Дельфийский оракул назвал его мудрейшим из людей, а он был скромен и прост, верный служитель Богов, Отечества, чести и справедливости. А ещё Сократ умел задавать вопросы. Вопросы о главном.

СократАфины, пятое столетие до нашей эры — время Перикла, Фидия, Софокла, золотой век греческой культуры.
В бедной семье каменотеса и повитухи родился мальчик, Сократ. В Афинах шли в те дни знаменитые Фаргелии — праздник, посвящённый рождению Аполлона и Артемиды. Появиться на свет в такое время считалось событием символическим, и новорождённый, естественно, попадал под покровительство высокочтимого в Афинах Аполлона, бога муз, искусств и гармонии.
В молодости Сократ работал вместе со своим отцом и его даже считали неплохим ваятелем. Потом учился музыке, математике, астрономии.
Увлечение красноречием привело его к знакомству с самой Аспазией, супругой афинского правителя Перикла, прославившейся красотой и любовью к философии. Многие годы спустя Сократ вспоминал уроки риторики у Аспазии и то, как за свою забывчивость получал от неё подзатыльники.

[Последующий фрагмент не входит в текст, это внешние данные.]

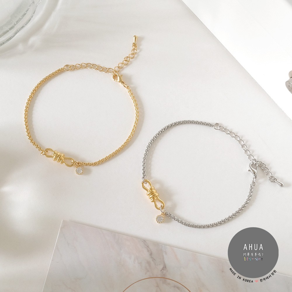 阿華有事嗎 AUHA 韓國飾品 撞色扭結鋯鑽手鍊【A0653】正韓 Ins風 氣質 百搭 簡約 韓妞必備 可調節 手環

Юность пролетела быстро, и вот уже Сократ вместе с другими молодыми афинянами произносит слова гражданской присяги: «Я не посрамлю священного оружия и не покину товарища, с которым буду идти в строю, но буду защищать и храмы и святыни — один и вместе со многими. Отечество оставлю после себя не умалённым, а большим и лучшим, чем сам его унаследовал. И я буду слушаться властей, постоянно существующих, и повиноваться установленным законам, а также и тем новым, которые установит согласно народ. И если кто-нибудь будет отменять законы или не повиноваться им, я не допущу этого, но буду защищать их и один и вместе со всеми. И я буду чтить отеческие святыни».

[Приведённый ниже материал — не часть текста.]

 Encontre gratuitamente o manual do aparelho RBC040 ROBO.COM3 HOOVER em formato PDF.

Всю жизнь Сократ будет верен клятве и своему долгу перед родиной. Будет храбрым солдатом на полях сражений Пелопонесской войны и скромным философом на службе справедливости у своих любимых соотечественников.
Памятник Сократу у здания Академии наук в Афинах
Памятник Сократу у здания Академии наук в Афинах
Внешность Сократа сложно назвать привлекательной. Скорее он был некрасив. Невысокого роста, со вздёрнутым носом, толстыми губами и шишковидным лбом, лысый, он напоминал комическую театральную маску. Ходил всегда босой и в старом хитоне. Такой вид был столь обычен для Сократа, что его восторженный слушатель Аристодем, увидев однажды учителя в сандалиях, был удивлён. Выяснилось, что Сократ «принарядился» на пир к поэту Агафону по случаю его победы в Афинском театре.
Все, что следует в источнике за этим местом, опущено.